Because the book has become in many ways part of the cultural zeitgeist you're probably familiar with the generalities of the plotline. A new family moves to the neighborhood of Stepford and the mother, Joanna, notices that something their neighbors. The women all seem friendly enough, but they spend all their time on housework and say they're far too busy to spend any time on social activities. Joanna manages to meet a handful of other women who are also recent transplants to Stepford and agree that something is weird about Stepford. And then one by one the members of the group start turning into Stepford wives themselves, their entire old personalities erased.

The book itself is a little vague about what happens to the women after they've been ''Stepford-ized''. It's implied they're replaced by robots, but I personally like the idea of them being brainwashed and reprogrammed better.
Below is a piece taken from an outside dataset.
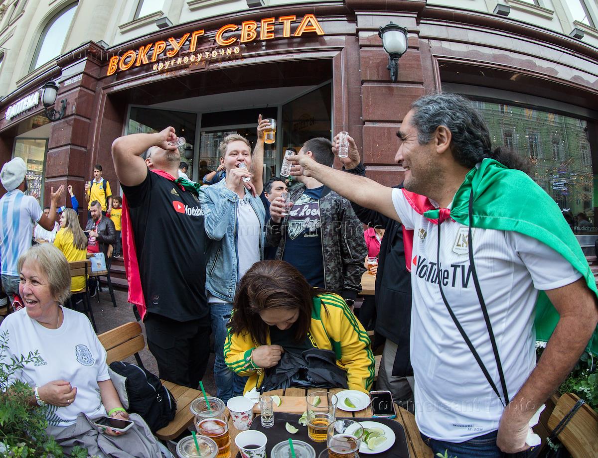 Чемпионата мира по футболу в России FIFA 2018. Мексиканские болельщики во время прогулки по улицам Москвы.

Either way it's very creepy and the pacing works incredibly well to underscore that.

The book is, of course, about feminism and was published in 1972, putting it solidly within the era of Second Wave Feminism which, among other issues, included a drive by white women to escape the role of housewife that had been created by the post-war American economy. Women fought for opportunities outside the home and equality in the workplace. And yes, I'm grossly oversimplifying a critical movement in United States history, but that's how it's relevant to this work. As this book relates to feminism it's not even subtext, Joanna is a member of the National Organization of Women and is ready to march on the Stepford Men's Association because of their exclusion of women.

The sad thing is that this book, much like Handmaid's Tale, remains incredibly relevant. We are in the middle of a great political struggle in the United States and there are people who seriously suggest that women's natural place is as a wife and mother and women shouldn't work outside the home. Some people go so far as to argue that this is what's undermining ''western civilization'', completely ignoring the fact that women have had to work for most of history to support their families, and even if a woman chooses to take care of her home and children, that is valuable unpaid work that she provides. And yes, women do far more unpaid work than men. Unfortunately we're at a point where we still need feminist propaganda.

Looking at this as a book, as I said the brevity of the book I think actually works to its benefits. As Joanna gradually pieces together what's going on in Stepford, she realizes that time is running out for her and her husband may already have plans to replace her with a submissive, zombified version of herself. As you start physically running out of book, you know that Joanna is running out of time as well and you hope that she can get away and get help before she becomes Stepford's latest victim. It made for a very emotional reading experience.

Overall I'd definitely recommend reading this book. It's a short and easy read and while it's not subtle, it packs a huge emotional punch and remains frustratingly relevant.